Такое коэволюционное определение искусства означает, что искусство рождается в эстетическом сообществе как популяции «творцов» и «критиков». В уже ставшей классической статье[373] 1964 года по эстетической философии Артур Данто назвал такое творческое и задающее эстетические вкусы сообщество арт-миром – «миром искусства». Новое, коэволюционное понимание творчества обнаруживает совершенно новые взаимосвязи между эволюционной биологией и искусством.

Возможно, наиболее революционным следствием такого нового подхода к эстетическому процессу становится понимание того, что и птичье пение, и брачные танцы, и опыление цветов насекомыми, и плоды – все это, по сути, тоже искусство. Разные виды биотического искусства рождаются в мириадах биотических арт-миров – сообществ, где с течением времени идет нескончаемый процесс коэволюции между украшениями животных и предпочтениями их.

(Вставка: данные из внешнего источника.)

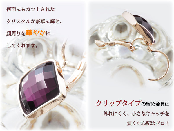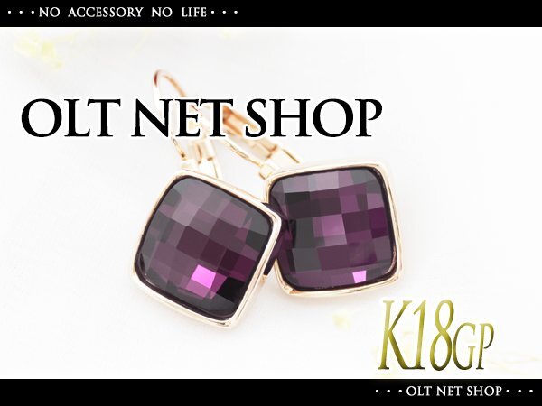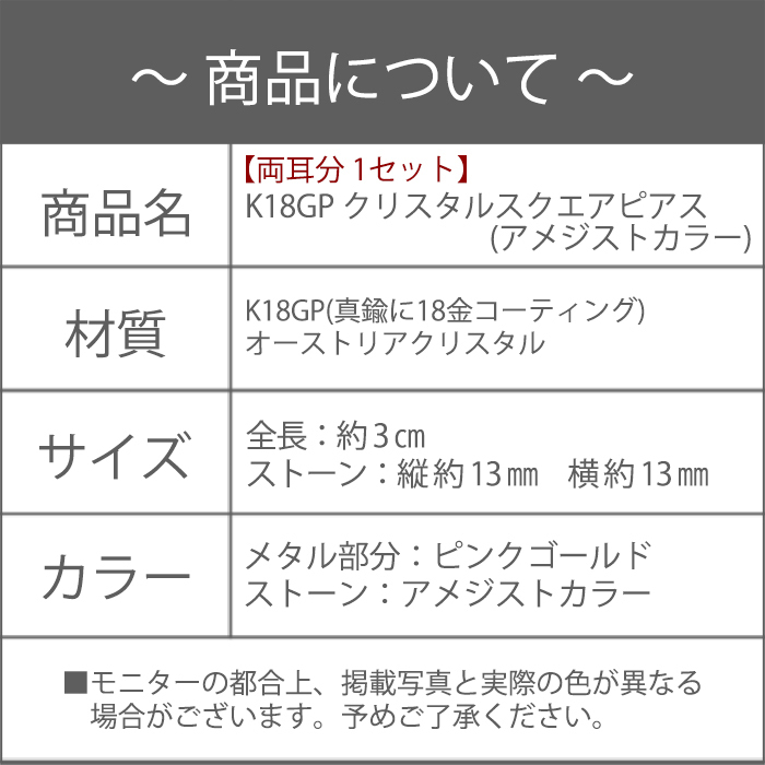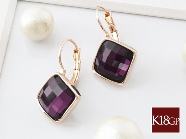 新品/ピアス/K18GP/アメジスト/クリスタル/18金/ピンクゴールド/レディース/両耳/リング/四角/スクエア/紫/カラーストーン/女性

Разумеется, можно возразить, что любое определение искусства должно быть основано на культурной передаче идей, которую мы наблюдаем в человеческом арт-мире. В мире людей искусство – это культурный феномен, преобразуемый эстетическими идеями, которые передаются от одного человека к другому через сеть социальных связей. Если принять культурное определение искусства, то может показаться, что вовлеченные в эстетическую коэволюцию генетические сущности искусством считаться не могут. Однако на самом деле такое определение вовсе не исключает биотическое искусство. Например, около половины всех видов птиц[374] на нашей планете учатся пению у других представителей своего вида. У певчих видов птиц есть свои культуры, которые сохранялись, конкурировали и дивергировали на протяжении 40 миллионов лет. Соответственно, их песни имеют региональную изменчивость (то есть диалекты), и культурный обмен между популяциями может приводить к быстрым и иногда радикальным изменениям песен – точно так же, как это иногда происходит в человеческом искусстве. Похожие эстетические культурные процессы[375] известны у китов и у летучих мышей.

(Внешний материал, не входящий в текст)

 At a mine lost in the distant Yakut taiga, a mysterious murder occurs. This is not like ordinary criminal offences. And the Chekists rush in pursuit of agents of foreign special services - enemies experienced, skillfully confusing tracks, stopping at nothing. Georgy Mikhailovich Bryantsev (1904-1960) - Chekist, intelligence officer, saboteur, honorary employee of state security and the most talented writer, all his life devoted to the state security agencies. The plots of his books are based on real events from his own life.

В двух словах, если мы выйдем из музеев и библиотек, внимательнее посмотрим на эстетическую сложность природы и задумаемся о том, как это все могло появиться, то мы обнаружим, что невероятно сложно дать искусству такое определение[376], которое основывалось бы только на нашем, человеческом понимании искусства, но при этом исключало бы эстетическое творчество животных.

Некоторые философы-эстетики, историки искусства и художники могут расценить признание множества новых биотических форм искусства скорее не как щедрый вклад, а как досадную помеху, а то и оскорбительное посягательство на свою творческую область. Но мне кажется, что есть основание принять такой более широкий, «постгуманитарный» взгляд на искусство ради новых возможностей, которые откроются для эстетического прогресса. Исходно мы, люди, считали себя центром мироздания и не сомневались, что солнце и звезды вращаются вокруг нас. Однако научные открытия последних пятисот лет вынудили нас пересмотреть наши взгляды на вселенную и на место в ней человека. Эти открытия отодвигали человечество все дальше и дальше от организующего центра, вынуждая нас смириться с тем, что мы живем в самой что ни на есть заурядной солнечной системе, в скучном уголке вполне рядовой галактики – одним словом, в глухом космическом захолустье. И хотя размер нашей планеты и ее удаленность от ближайшей звезды действительно оказались очень удачными, во всем остальном наше положение во вселенной случайно, непредсказуемо и ничем не примечательно. Но даже если многих такие перемены в нашем представлении о мире и о себе огорчают и даже уязвляют, лично я считаю, что знание реального положения дел понуждает нас еще больше ценить поразительное, неожиданное богатство биологического мира, человеческого существования, нашего сознания и наших чувственных переживаний, а также наших технологических и культурных достижений.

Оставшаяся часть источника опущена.